Journal of Economic Perspectives 34(2), Spring 2020, 24-48 | with Cascio

abstract

This year marks the centennial of the Nineteenth Amendment, which provided American women a constitutional guarantee to the franchise. We assemble data from a variety of sources to document and explore trends in women’s political participation, issue preferences, and partisanship since that time. We show that in the early years following enfranchisement, women voted at much lower rates than men and held distinct issue preferences, despite splitting their votes across parties similarly to men. But by the dawn of the twenty-first century, women not only voted more than men, but also voted differently, systematically favoring the Democratic party. We find that the rise in women’s relative voter turnout largely reflects cross-cohort changes in voter participation and coincided with increasing rates of high school completion. By contrast, women’s relative shift toward the Democratic party permeates all cohorts and appears to owe more to changes in how parties have defined themselves than to changes in issue preferences. The findings suggest that a confluence of factors have led to the unique place women currently occupy in the American electorate, one where they are arguably capable of exerting more political influence than ever before.

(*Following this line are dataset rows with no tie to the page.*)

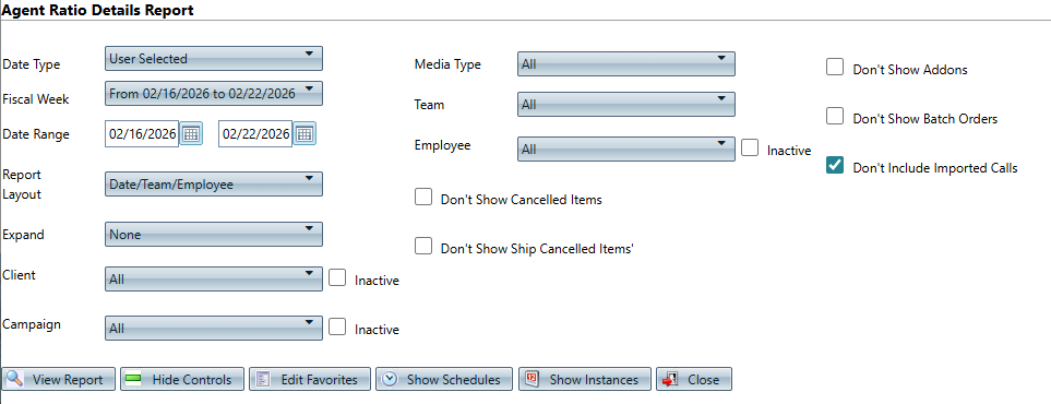 Fiscal Week (only shows during manual run when utilizing User Selected Date Type above) | This will set the below Date Range to the Monday - Sunday date range selected from this drop down. |
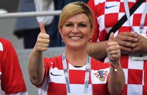 窶廩ats off to Kolinda Grabar-Kitarovic, President of Croatia. She attended every Croatia match at the World Cup, travelled in economy class and sat with the fans in the stadium. She refused to take any pay for her days not at work. Now that窶冱 leadership. #Croatia #WorldCupFinal窶
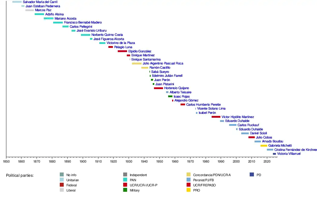 12 October 1892 | 22 January 1895 | 1892 | PAN | Luis Sáenz Peña | Assumed the presidency after the resignation of Luis Sáenz Peña. | |

Do Human Capital Decisions Respond to the Returns to Education? Evidence from DACA

American Economic Journal: Economic Policy 12(1), February 2020, 293-324 | with Kuka and Shih

abstract

This paper studies human capital responses to the availability of the Deferred Action for Childhood Arrivals (DACA) program, which provides temporary work authorization and deferral from deportation for undocumented, high-school-educated youth. We use a sample of young adults that migrated to the United States as children to implement a difference-in-difference design that compares noncitizen immigrants (“eligible”) to citizen immigrants (“ineligible”) over time. We find that DACA significantly increased high school attendance and high school graduation rates, reducing the citizen-noncitizen gap in graduation by 40 percent. We also find positive, though imprecise, impacts on college attendance.

A Reason to Wait: The Effect of Legal Status on Teen Pregnancy

American Economic Association Papers and Proceedings 109, May 2019, 213-217 | with Kuka and Shih

abstract

Although teen pregnancy has been on the decline in the United States, it remains among the highest within developed countries. Hispanics, who are more likely to be undocumented immigrants, lead this trend, yet the role of legal status has yet to be considered. To investigate this question, we examine teenage fertility responses to the Deferred Action for Childhood Arrivals (DACA) program, which provides temporary legal status to undocumented youth. We find that DACA reduced the likelihood of having a teenage birth by 1.6 percentage points and eliminated roughly half of the gap in teenage childbearing between documented and undocumented women.